第97回(H26) 助産師国家試験 解説【午後16~20】

この記事には広告を含む場合があります。

記事内で紹介する商品を購入することで、当サイトに売り上げの一部が還元されることがあります。

 

16 助産師自身の健康を守るための感染予防対策はどれか。

1.正常新生児を抱きあげる前の手指消毒
2.感染症のない妊婦をケアする時のマスクの着用
3.分娩時に使用した器具を取り扱う際のゴム手袋の着用
4.メチシリン耐性黄色ブドウ球菌〈MRSA〉保菌者をケアする時の予防衣の着用

解答

解説
1.× 正常新生児を抱きあげる前の手指消毒は、「助産師自身」ではなく正常新生児の健康を守るための感染予防対策である。新生児は免疫機能が未熟であり、正常新生児であっても感染予防は重要である。手指消毒を行うことで、新生児への感染リスクを防ぎ、助産師自身の健康も守ることができる。
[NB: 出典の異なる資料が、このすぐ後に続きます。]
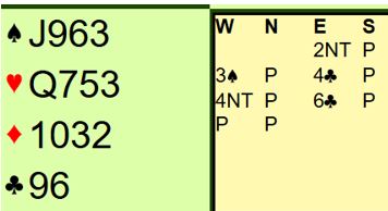 Etter hjerter ut mot 6 kløver gikk det fort. Vests to spar forsvant på hjerteren, og N/S fikk kun ett ruterstikk. CAYNE +1370.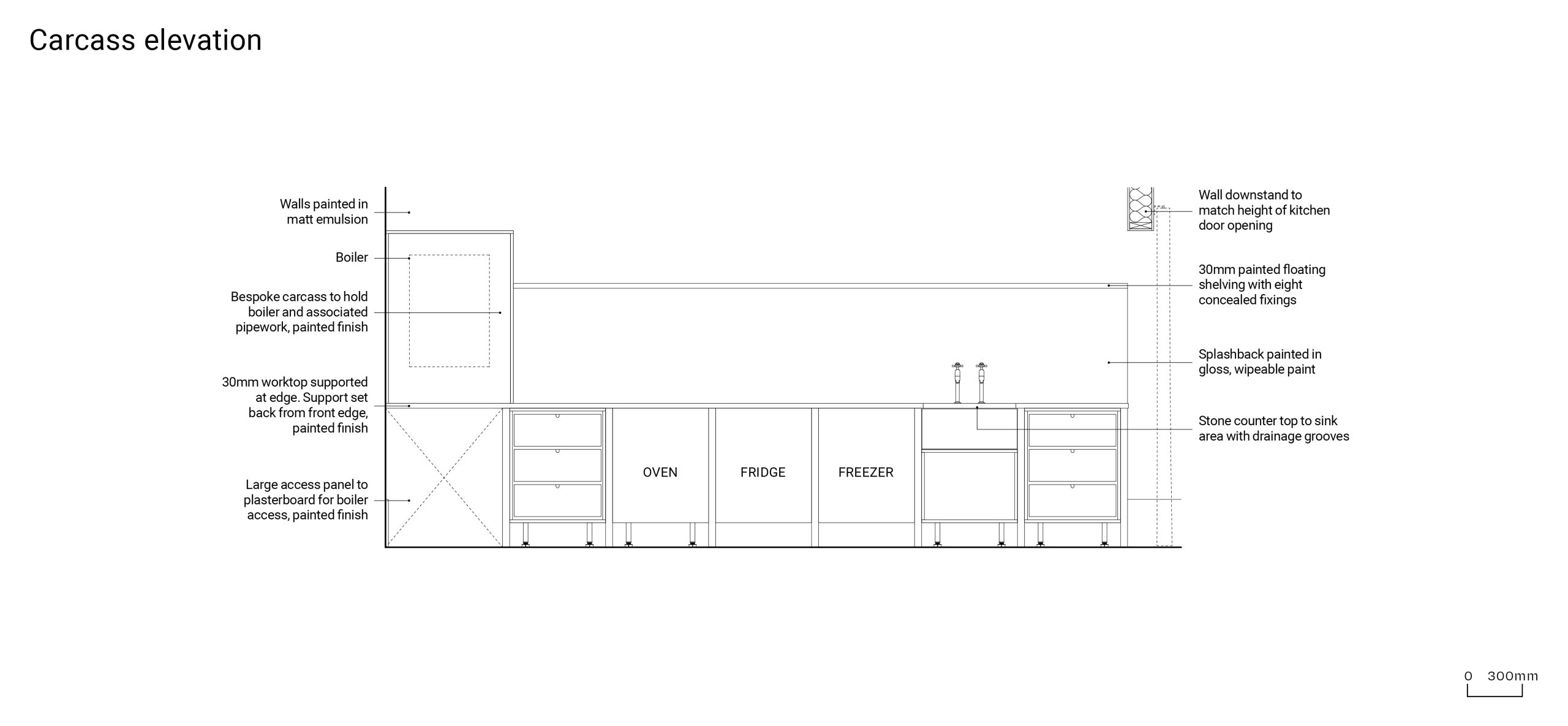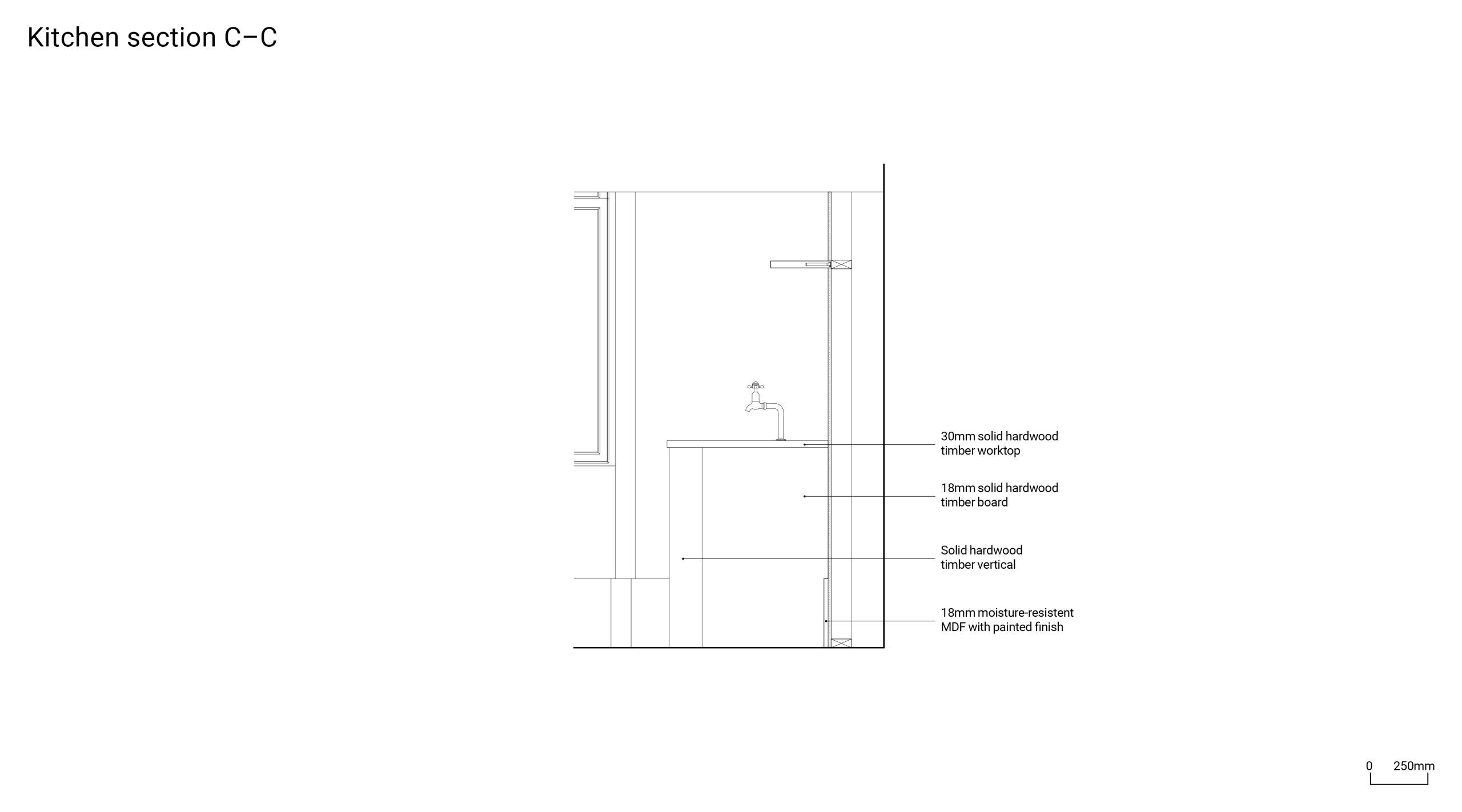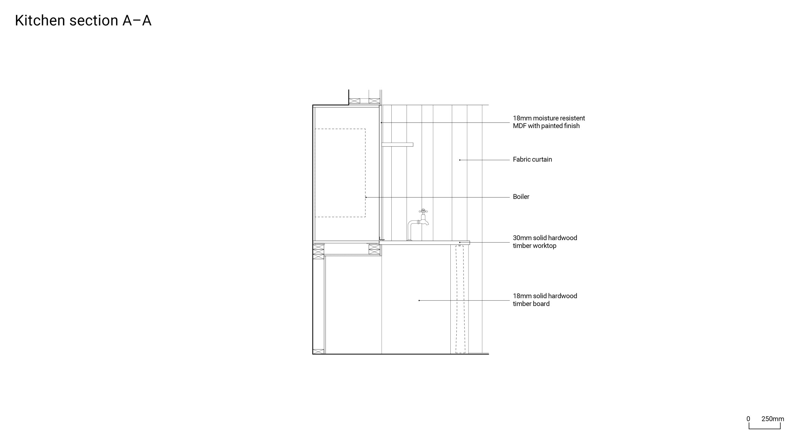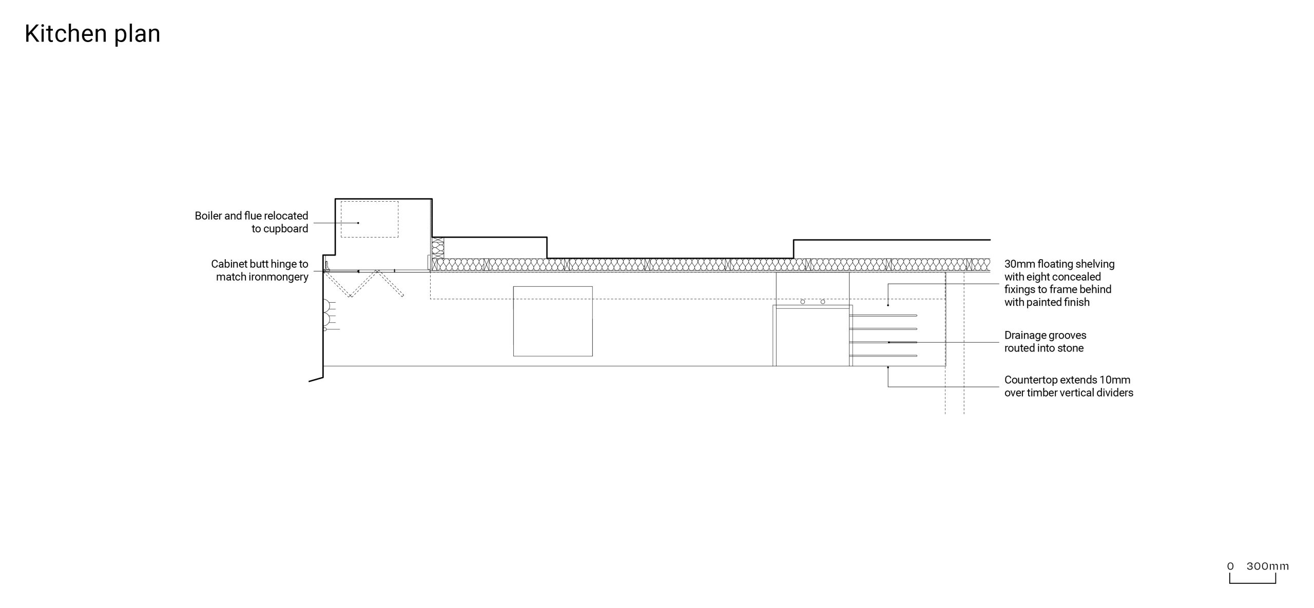 The kitchen, fabricated by Studio Silvan, is formed entirely from surplus timber sourced from previous projects. Brown oak, oak,cherry, Douglas fir and ash are arranged in a subtle gradient that celebrates tonal and textural variation. The internal carcasses are constructed from repurposed Valchromat, introducing moments of colour within an otherwise restrained composition. British-sourced stone, supplied as offcuts by Britannicus Stone, provide a playful, vibrant patchwork of surfaces. Frosterley, Ledmore, Swaledale Fossil and Stoneycombe offcuts are arranged according to the existing slab dimensions. Three stone slabs, salvaged from Leith-based mason AB Mearns, were assembled into a monolithic Stonehenge-like mantel. Raw edges of the stone were left exposed to celebrate the material in its natural state, while a single slab was rotated in contrast. The existing timber flooring was retained to honour its severe character. Oversized, gloss-painted skirting boards were introduced as a counterpoint.

2.× 感染症のない妊婦をケアする時のマスクの着用は、感染予防対策とはいえない。なぜなら、感染症がない妊婦に対して、通常はマスクの着用は必要ないため。ただし、妊婦や助産師が呼吸器感染症を疑う症状がある場合や、感染症が流行している場合には、マスクの着用が推奨される。通常のケア時にはマスクは必須ではない。

3.〇 正しい。分娩時に使用した器具を取り扱う際のゴム手袋の着用は、助産師自身の健康を守るための感染予防対策である。なぜなら、分娩時に使用した器具には、血液や体液が付着している可能性があり、助産師自身の感染のリスクがあるため。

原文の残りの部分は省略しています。